Carmell’s second product candidate, Tissue Healing Accelerant (THA), is formulated from the same active ingredient (API) as Bone Healing Accelerant (BHA), which is Carmell’s Plasma-based Bioactive Material (PBM). BHA has shown in clinical studies to accelerate soft tissue healing after traumatic injury with less infections (see clinical resources page). THA has been studied in pre-clinical studies and has shown to significantly promote angiogenesis and reduce infections (see publications page, Schwartzmann). Also, in a radiation burn model in rodents, THA substantially provided accelerated and enhanced healing (see publications page, Miller).

The wound healing market is divided into acute and chronic, with the later accounting for most of the expenses due to the complexity and length of treatment.

Chronic Wounds

Chronic wounds are wounds that have not appropriately closed after four weeks of treatment with traditional treatment such as dressings. Chronic wounds include:

  • VLUs: wounds that occur in the leg veins when blood does not circulate properly to the heart.
  • DFUs: open sores or wounds that occur in patients with diabetes and are commonly located on the bottom of the foot.
  • Pressure Ulcers: localized injuries to the skin and/or underlying tissues as a result of pressure or pressure in combination with shear.
  • Surgical Wounds: acute wounds caused by surgical incisions that become chronic wounds if they do not heal properly.

Acute Wounds

An acute wound is an injury that causes a rapid break in the skin and sometimes the underlying tissue. Acute wounds can be traumatic wounds, such as abrasions, lacerations, penetrating injuries and burns, or surgical wounds from surgical incisions.

“Acute wounds can become chronic wounds due to poor underlying health status or poor treatment. Acute wounds are a common health problem, with 11 million people affected1 and approximately 300,000 people hospitalized yearly in the United States.2 Typically, acute wound healing is a well-organized process leading to predictable tissue repair where platelets, keratinocytes, immune surveillance cells, microvascular cells, and fibroblasts play key roles in the restoration of tissue integrity.3,4 The wound repair process can be divided into 4 temporarily and spatially overlapping phases: coagulation, inflammation, formation of granulation tissue (proliferative phase), and remodeling or scar formation phase.”

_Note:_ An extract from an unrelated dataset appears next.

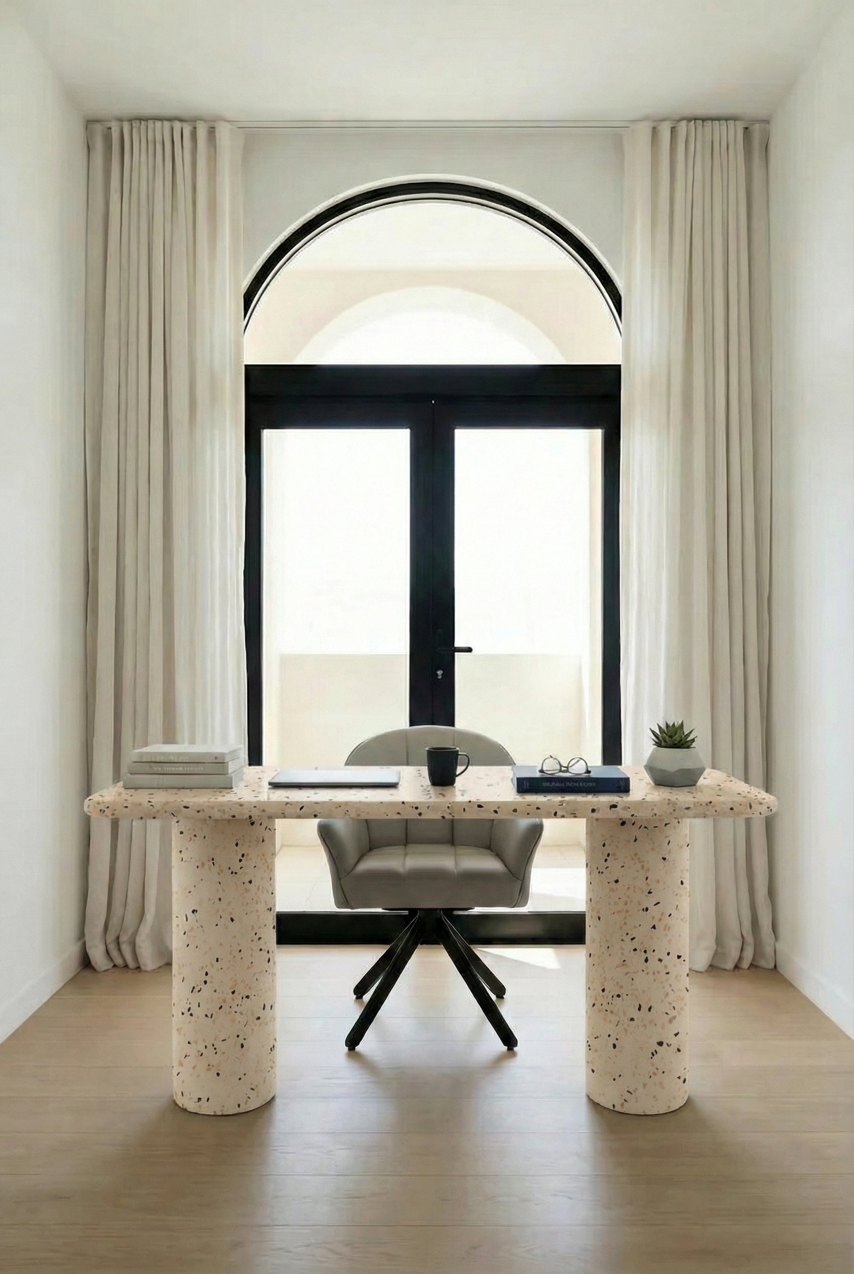 Warm venezian microterrazzo microconcrete with softly scattered stone fragments and a smooth matte surface creates a refined workspace that feels calm and intentional, allowing natural light to reflect gently while adding visual depth, modern elegance, and sculptural balance to thoughtfully curated home offices and serene interiors.

“Normal wound healing processes can be divided into 4 overlapping phases: coagulation (not shown), inflammatory phase (A), proliferative phase/granulation tissue formation (B), and remodeling phase (C). During coagulation and inflammatory phases (A) of the healing, blood-borne cells—neutrophils, macrophages, as well as platelets—play critical roles. These cells provide growth factors and provisional matrices that are necessary for recruitment of epidermal and dermal cells into the wound bed. The proliferative phase (B) starts at approximately 3 days after injury and is characterized by increased levels of keratinocyte and fibroblast proliferation, migration, and ECM synthesis in response to autocrine, paracrine, and juxtacrine growth factors. Angiogenesis/neovascularization also occurs during this phase. Because of the presence of blood vessels, the tissue has a granular appearance (granulation tissue). Finally, at approximately 1 to 2 weeks after injury, differentiated fibroblastic cells (myofibroblasts) that present within the granulation tissue begin to remodel extracellular matrix (C). Extracellular matrix remodeling followed by apoptosis of resident cells leads to the formation of an acellular scar.”

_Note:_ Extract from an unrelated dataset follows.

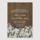 Lovely rustic chic themed wedding invitation magnet done in a dark wood look, with graphics of white baby's breath flowers, along the bottom. Personalize the white text to suit your needs. Great invitation magnet, for a few special people on your list. Matching regular invitation and products are available.
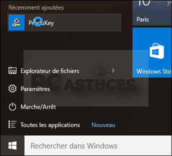 Accessible par le menu Demarrer de Windows 10, ou dans le champ de la recherche

Acute and Impaired Wound Healing: Pathophysiology and Current Methods for Drug Delivery, Part 1: Normal and Chronic Wounds: Biology, Causes, and Approaches to Care
Tatiana N. Demidova-Rice, PhD, Michael R. Hamblin, PhD, and Ira M. Herman, PhD

Adv Skin Wound Care. Author manuscript; available in PMC 2013 Jul 1.
Published in final edited form as: Adv Skin Wound Care. 2012 Jul; 25(7): 304–314.